Years ago, a friend of mine in the vanilla world confided in me, a tale
that struck me as both humorous and horrifying. Please, walk down
memory lane with me. I promise, it will not be so painful.
Here is the tale:
My friend, while in college, had the opportunity and good fortune to
engage a lovely co-ed in sexual congress. As the evening grew hotter,
she, unfortunately, became less self lubricated. Not wanting to end the
festivities, my friend took matters into his own hands and ran to his
bathroom for a remedy.
Finding nothing specific to ease the friction between body parts, his
mind raced with possibilities or solutions. His eye caught a bottle of
baby shampoo.
"Soap is slippery!" he thought to himself. So, happily, he bounded back
to his bed and waiting lover. Once applied, the viscous liquid provided
great lubrication and the evening was a success.
The very next day, he went about his business as usual with classes and
sports as any normal college man would. One issue presented itself that
stopped him dead in his tracks and caused him to break tradition. He
was forced to seek advice from a fellow college man regarding sexually
related issues.
In the privacy of his bathroom, he showed his fellow college man the
issue that had him so upset. The first layer of skin on his penis was
coming off in virtual sheets.
"DUDE! What the hell did she give me?" my friend asked.

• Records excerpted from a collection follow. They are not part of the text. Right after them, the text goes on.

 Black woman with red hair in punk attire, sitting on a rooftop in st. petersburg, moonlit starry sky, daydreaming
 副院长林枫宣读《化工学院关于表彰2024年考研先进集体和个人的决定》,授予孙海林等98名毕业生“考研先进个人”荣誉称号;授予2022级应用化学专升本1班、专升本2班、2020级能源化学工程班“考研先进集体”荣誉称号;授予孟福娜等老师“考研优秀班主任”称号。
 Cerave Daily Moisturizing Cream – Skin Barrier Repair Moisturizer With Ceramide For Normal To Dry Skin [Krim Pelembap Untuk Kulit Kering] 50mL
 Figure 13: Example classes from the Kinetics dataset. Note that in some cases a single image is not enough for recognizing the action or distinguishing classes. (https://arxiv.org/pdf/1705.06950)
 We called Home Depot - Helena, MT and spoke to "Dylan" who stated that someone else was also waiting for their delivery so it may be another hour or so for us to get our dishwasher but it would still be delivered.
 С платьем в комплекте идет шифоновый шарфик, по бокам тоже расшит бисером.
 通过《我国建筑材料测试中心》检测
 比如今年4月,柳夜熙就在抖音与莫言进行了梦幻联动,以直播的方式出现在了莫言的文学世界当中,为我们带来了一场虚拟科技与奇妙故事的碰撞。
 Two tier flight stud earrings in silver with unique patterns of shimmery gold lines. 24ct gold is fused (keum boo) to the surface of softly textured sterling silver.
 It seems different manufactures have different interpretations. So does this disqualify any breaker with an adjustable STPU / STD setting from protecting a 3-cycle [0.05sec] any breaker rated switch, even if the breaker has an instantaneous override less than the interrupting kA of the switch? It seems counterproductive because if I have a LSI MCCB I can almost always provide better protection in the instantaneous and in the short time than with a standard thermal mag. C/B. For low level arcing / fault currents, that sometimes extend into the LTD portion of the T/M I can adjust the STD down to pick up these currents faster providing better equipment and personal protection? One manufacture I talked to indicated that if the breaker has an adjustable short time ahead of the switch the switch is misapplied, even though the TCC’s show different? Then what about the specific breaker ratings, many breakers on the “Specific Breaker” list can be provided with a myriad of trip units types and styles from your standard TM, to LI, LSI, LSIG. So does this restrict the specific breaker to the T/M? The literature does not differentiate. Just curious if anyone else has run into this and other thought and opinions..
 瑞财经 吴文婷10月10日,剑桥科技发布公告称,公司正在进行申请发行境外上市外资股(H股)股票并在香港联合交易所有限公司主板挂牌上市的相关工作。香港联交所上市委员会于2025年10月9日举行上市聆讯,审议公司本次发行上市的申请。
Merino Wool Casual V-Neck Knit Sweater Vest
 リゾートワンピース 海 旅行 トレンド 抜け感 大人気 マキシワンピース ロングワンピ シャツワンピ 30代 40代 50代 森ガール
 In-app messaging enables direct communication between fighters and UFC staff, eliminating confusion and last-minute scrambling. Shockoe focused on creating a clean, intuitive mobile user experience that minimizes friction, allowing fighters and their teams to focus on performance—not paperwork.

"MAN! I have NEVER seen anything like that in my life!" Offered his
companion. "You need to see a doctor!" He added.
Fortunately for our young college man, the peeling and redness went away
before he gathered the nerve to make an appointment. None the wiser, he
went through his collegiate years without a repeat shedding or concern.
Well, that is until he joined the Marines, but that is an other story
entirely.
Flash forward nearly 15 years, while sipping beverages on my back patio.
Our friend regales this story of his horrific affliction and its
miraculous cure to both myself and my brother. We sit in awe as he
details the events that follow the application of the shampoo. We bite
out tongues in attempts to contain our laughter as he describes the
copious amounts of shedding and redness that followed.
It was only after he had finished his tale that he asked us if we had
ever heard of or experienced something like that in our histories. At
long last, we could relieve ourselves as tears streamed down our cheeks
and our laughter filled the air.
Brother: Did you ever notice how nice and clean/non greasy your hair is
after you wash it?
Friend: Yeah! (Forgive him folks, he is a Marine! I love them! We need
them, but at times, they are not always the brightest bulbs in the
lamp!)
Brother: Shampoo is VERY caustic if left on your skin for long periods
of time. In fact, the skin that gets the least amount of sunlight is
generally the most sensitive.
Friend: Ok. so what did she give me that the shampoo killed? (Again, he
is a kind and loving soul. He means well and will protect those he
loves and this country with his own life)
Brother: The shampoo made the skin on your penis flake off. Not her!
In fact, I bet she was wondering what you gave her! Did you two ever
date again?
Friend: Um... No. We never spoke again. I thought she just left the
school or something!
Brother: the skin of the penis is very sensitive. Almost as much as
your eyes. How does it feel when you get shampoo in your eyes?
LIGHT DAWNS!!!!!!!!!!! The switch is thrown. A glimmer of recognition
escapes!
Friend: OH Shit! That stings. And that is what it did to my dork?
After a long round of laughter, to include our friend, the realization
was made. If you cant put it in your eye, don't put it on your dork!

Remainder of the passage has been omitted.